Ideas for free agent contract determination:
* The salaries players make before signing in free agency are almost always relatively low, i.e., below the mean. This is especially true in pre-arbitration years, however, some players, i.e., Bo Bichette in 2025, made well over the league average salary, this will have to be accounted for.
* Percentage increase from previous salary, most free agents will make some amount more than they did the previous year (last year of arbitration).

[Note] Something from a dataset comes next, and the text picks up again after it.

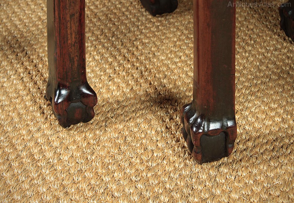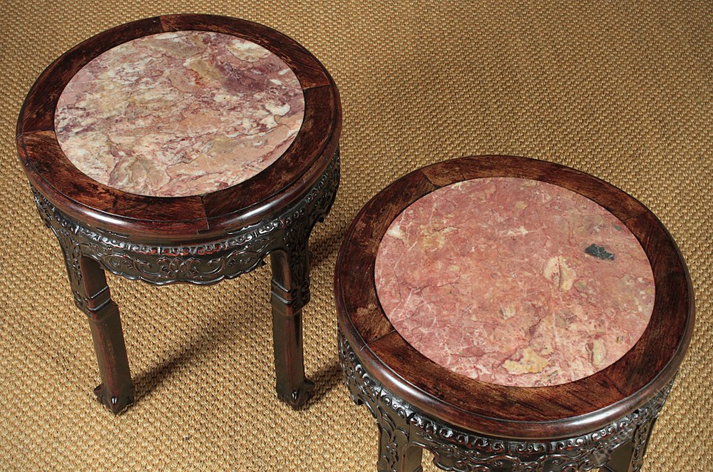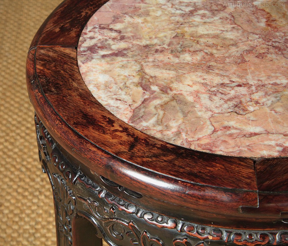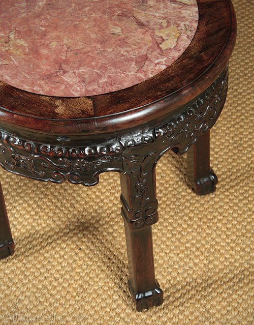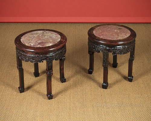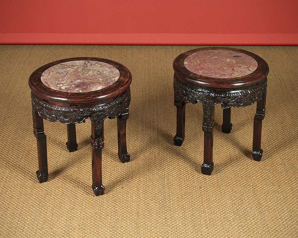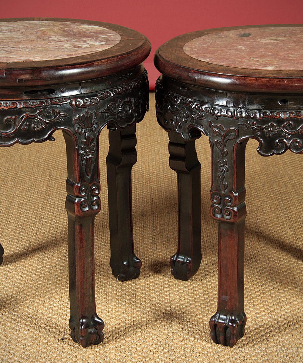 Matched pair of late 19th.c. oriental rosewood and marble top urn stands or low lamp antique tables c.1890. Very slight differences in height and detail but both with rose marble tops within a moulded rosewood surround, over foliate carved aprons raised on straight legs with carved detail and paw feet. Very good condition, cleaned and waxed in our workshops.

* Could potentially simply work out when the player would be free-agency eligible based on the arbitration rules, and then only include data from the arbitration/free-agency era (which we should do anyways as it is more relevant to the current free-agency market).

Notes:
   * This model needs to take in the player data from the years leading up to a free agent contract, and then extrapolate what it learned from each player to a new player. The goal for this is to have this done before Kyle Tucker and Bo Bichette sign contracts this offseason, and see how it does on those predictions. 
   * Incorporating contract term is another factor.